ASSIGNMENT: Copy exactly the stretch of data below from the line with "Karta Vložení je" through the line with "위해 추진하는 사업이다.", including both of those lines.
-- RECORD EXTRACTS follows --
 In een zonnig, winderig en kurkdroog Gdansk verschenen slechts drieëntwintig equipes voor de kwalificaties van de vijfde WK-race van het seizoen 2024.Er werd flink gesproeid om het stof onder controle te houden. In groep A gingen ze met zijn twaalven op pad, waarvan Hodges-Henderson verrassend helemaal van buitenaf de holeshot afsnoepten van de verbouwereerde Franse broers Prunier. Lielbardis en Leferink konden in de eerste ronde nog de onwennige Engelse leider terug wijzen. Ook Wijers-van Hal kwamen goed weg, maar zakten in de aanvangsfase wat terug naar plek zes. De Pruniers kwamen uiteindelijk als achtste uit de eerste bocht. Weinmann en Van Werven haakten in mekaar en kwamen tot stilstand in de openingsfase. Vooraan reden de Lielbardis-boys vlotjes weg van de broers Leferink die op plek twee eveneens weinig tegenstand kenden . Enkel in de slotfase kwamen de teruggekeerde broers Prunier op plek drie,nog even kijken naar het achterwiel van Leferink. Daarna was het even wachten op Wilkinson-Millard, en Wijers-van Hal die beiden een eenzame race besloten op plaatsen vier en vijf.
-- RECORD EXTRACTS concluded --
-- RECORD EXTRACTS follows --
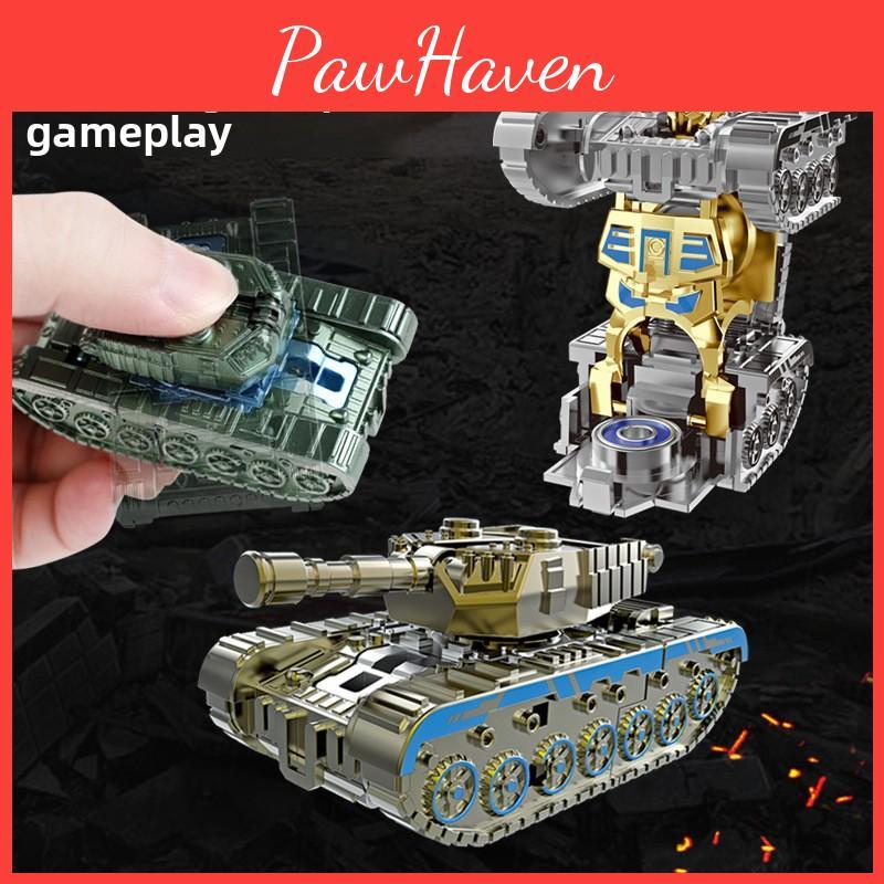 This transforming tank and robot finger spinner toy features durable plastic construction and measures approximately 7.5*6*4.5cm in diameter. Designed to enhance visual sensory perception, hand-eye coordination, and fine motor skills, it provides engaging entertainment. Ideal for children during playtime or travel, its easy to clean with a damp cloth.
-- RECORD EXTRACTS concluded --
-- RECORD EXTRACTS follows --
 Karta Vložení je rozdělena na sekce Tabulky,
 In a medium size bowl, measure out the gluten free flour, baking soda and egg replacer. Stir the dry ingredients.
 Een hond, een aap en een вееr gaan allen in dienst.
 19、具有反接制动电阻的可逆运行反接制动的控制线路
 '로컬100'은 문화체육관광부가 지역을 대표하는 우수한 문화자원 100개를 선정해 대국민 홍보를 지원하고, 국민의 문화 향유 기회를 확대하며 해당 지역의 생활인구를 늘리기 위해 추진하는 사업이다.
-- RECORD EXTRACTS concluded --
COMPLETED TASK:
 Karta Vložení je rozdělena na sekce Tabulky,
 In a medium size bowl, measure out the gluten free flour, baking soda and egg replacer. Stir the dry ingredients.
 Een hond, een aap en een вееr gaan allen in dienst.
 19、具有反接制动电阻的可逆运行反接制动的控制线路
 '로컬100'은 문화체육관광부가 지역을 대표하는 우수한 문화자원 100개를 선정해 대국민 홍보를 지원하고, 국민의 문화 향유 기회를 확대하며 해당 지역의 생활인구를 늘리기 위해 추진하는 사업이다.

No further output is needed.